Finally, sensory processing channels allowing detection and interpretation of environmental food cues interact with and are modulated by these neural systems involved in control of eating behavior. In many cases, food is first perceived by the visual system. The visual stimulus of food signals availability and provides information about palatability and therefore, is a key factor in the initiation of a meal (Cornier et al. 2007). Not only viewing of real food, but also viewing of food pictures has been shown to activate distributed networks of brain regions involved in food categorization and also in reward evaluation, such as amygdale and orbitofrontal cortex as well as the hypothalamus (Berthoud 2004; Rolls 2005; Cornier et al. 2007).

In tasks assessing attention allocation, visual selective attention is preferably directed towards food items (Nummenmaa et al. 2011). Activity in these networks and the degree of attention allocation is highly dependent on motivational states, either by the motivational significance of external cues or by the intrinsic current need state. For instance, only the attention capture effects of food items, but not non-food items, as well as the memory performance for visually presented food items is strongly modulated by an individual’s hunger level (Mogg et al. 1998; Morris and Dolan 2001; Piech et al. 2010). Furthermore, in an electroencephalographic (EEG) study, Stockburger et al. (2008) showed that hunger state modulated brain potentials selectively to food pictures. Food specific correlations between regions involved in processing of visual food cues with states of hunger and calorie content of the food cues were also found by means of functional magnetic resonance imaging (fMRI) (Porubska et al. 2006; Siep et al. 2009; Fuhrer et al. 2008; Cornier et al. 2007). It appears that the hunger state induces a change in the salience of food stimuli as need-related cues.



3 Role of Insulin in Eating Behavior


Although individual systems of eating behavior control have been described to some detail, interactions between them are still rather elusive. Manipulation of a key hormonal signal and investigation of its effects on cognitive elements in eating behavior might shed some light on these interactions in humans.


3.1 Cerebral Insulin Function


As previously described, one of the key signals is the hormone insulin, which regulates the metabolism of carbohydrates, lipids and amino acids. Insulin interferes with the metabolism of all three types of nutrients; however, the most important function of insulin is the regulation of glucose metabolism in peripheral tissues. Since glucose uptake in neurons is independent of insulin, the central nervous system has long been considered an insulin-independent tissue. However, insulin receptors are expressed all over the brain with high concentrations in the olfactory bulb, the primary olfactory cortex, the limbic and paralimbic system and the hypothalamic nuclei (Baskin et al. 1987; Unger et al. 1991; Schulingkamp et al. 2000).
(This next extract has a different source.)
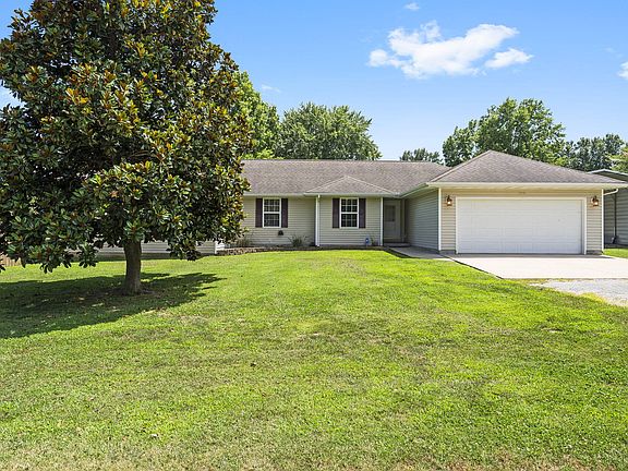 Welcome to the great city of Aurora, MO where you will find this little over 2,900 sq ft all vinyl home nestled in a pristine location in a non HOA community. Less than 5 minutes away you have all your local restaurants, gas stations, local bank, fitness center, Mercy Hospital Aurora, car dealerships, Walmart, Aurora schools, etc. With four bedrooms, three full baths, and one non conforming room you will have an abundance of space to accompany. The flooring throughout is made up of carpet, tile, and brand new laminate. The main living area leads straight into the kitchen where there are plenty of cabinetry, well maintained countertops, and appliances that all stay with the purchase of the home. Located off to the right of the kitchen is the one of the two masters suites. Down the hall you have two additional spare rooms with deep closets for all your essentials. Through the hallway you find high ceilings, rock propane fireplace, sink, dishwasher, and more. The secondary primary suite contains a jacuzzi tub, tile walk in shower, huge walk in closet, and your own storm shelter. The non conforming bedroom would make a great addition for a home office, children's play room, storage area, and more. Through the tall sliding glass doors you're greeted with an oversized yard with a 6 foot privacy fence making it ideal for all activities and accommodations. Enjoy having people over for cookouts, swimming pool parties, and yard games. The covered back patio makes it nice for evenings to sit back and relax while being covered from the elements. Need additional parking besides the attached two car garage? Enjoy the luxury of your own detached additional two car garage located behind the house with also an RV carport. Home has been well taken care of in its current owner's possession and has less than a 5 year old roof to accompany the next new homeowner. Take a drive to Aurora, MO and see for yourself what this town has to offer! Go DAWGS!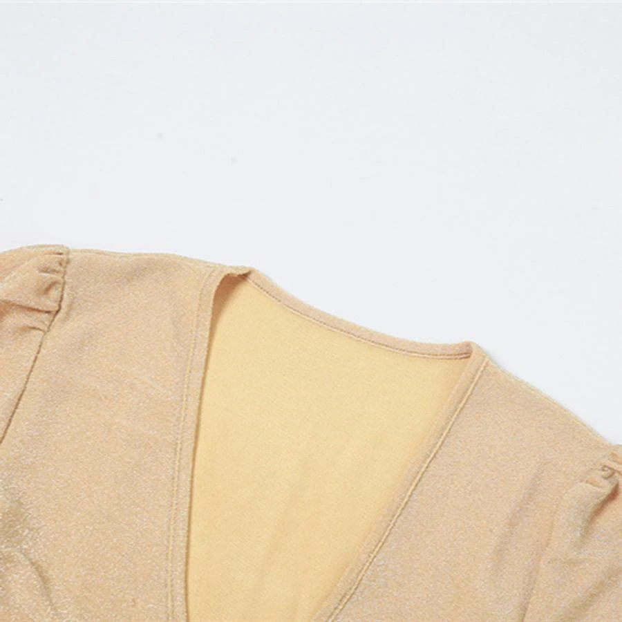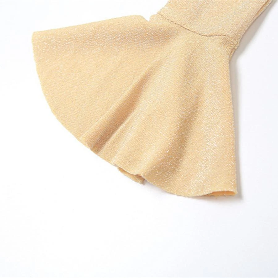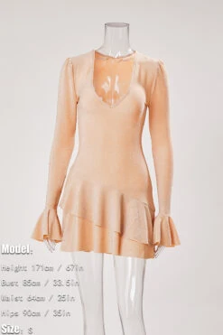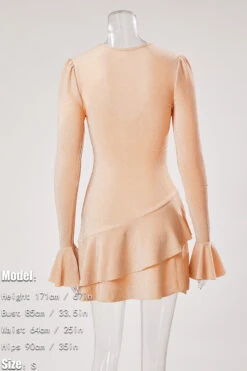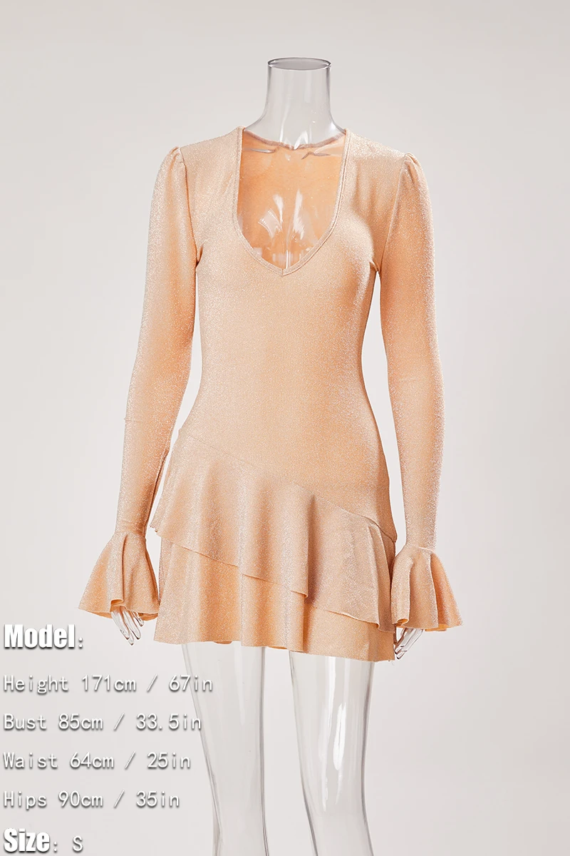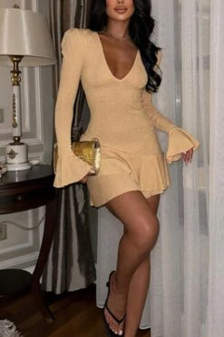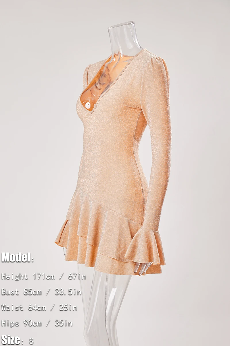 Sexy slight stretch flare sleeve stylish slim low-cut mini dress

Currently, it is well established that insulin affects eating behavior and metabolism by targeting the hypothalamic nuclei (e.g. ventromedial nucleus, arcuate nucleus) (Woods et al. 1979; Schwartz et al. 2000; Benoit et al. 2002). Furthermore, insulin is an essential neuronal growth factor and stimulator of neuronal protein synthesis during development of the central nervous system (Heidenreich and Toledo 1989; Robinson et al. 1994; Choi et al. 2005; Chiu and Cline 2010). Insulin has also been shown to co-regulate neurotransmitters and/or their receptors including norepinephrine (Boyd et al. 1985; Masters et al. 1987; Figlewicz et al. 1993; Apparsundaram et al. 2001), acetylcholine through glucose utilization (Lechin and van der Dijs 2006), glutamate receptors (Man et al. 2000; Plitzko et al. 2001; Mielke et al. 2005; van der Heide et al. 2005), and GABA-ergic transmission (Wan et al. 1997; Ma et al. 2003; Vetiska et al. 2007). The majority of these insulin effects on neurotransmission are localized in the hippocampus, prefrontal cortex, and hypothalamus.

Thus, it is not surprising that an important role for insulin in high-level cognition, memory, and synaptic plasticity has been suggested. Animal studies demonstrated that rats which were injected intracerebroventricularly with insulin after a training task showed increase in performance if tested for retention in comparison to control animals (Park et al. 2000). Improvement of memory function by insulin administration was also shown in humans (Craft et al. 2000; Benedict et al. 2004).


3.2 Cerebral Insulin Resistance in Humans


For the investigation of insulin effects on cognitive elements of eating behavior, there are in general two ways for manipulating insulin levels and action in the human brain. One approach is to raise insulin levels in the body either by a hyperinsulinemic euglycemic clamp, which increases the plasma concentration of insulin without changing the glucose level, or by administration of intranasal insulin. The advantage of intranasal insulin is that it raises insulin concentration in the cerebrospinal fluid without relevant absorption in the systemic blood circulation as it enters the brain via the olfactory nerve (Illum 2000; Born et al. 2002). The other approach is to study eating behavior in a model with impaired insulin function. Obesity is associated with peripheral insulin resistance. In addition, the deletion of central insulin receptors in rats and mice is accompanied by hyperphagia and obesity (Bruning et al. 2000; Obici et al. 2002).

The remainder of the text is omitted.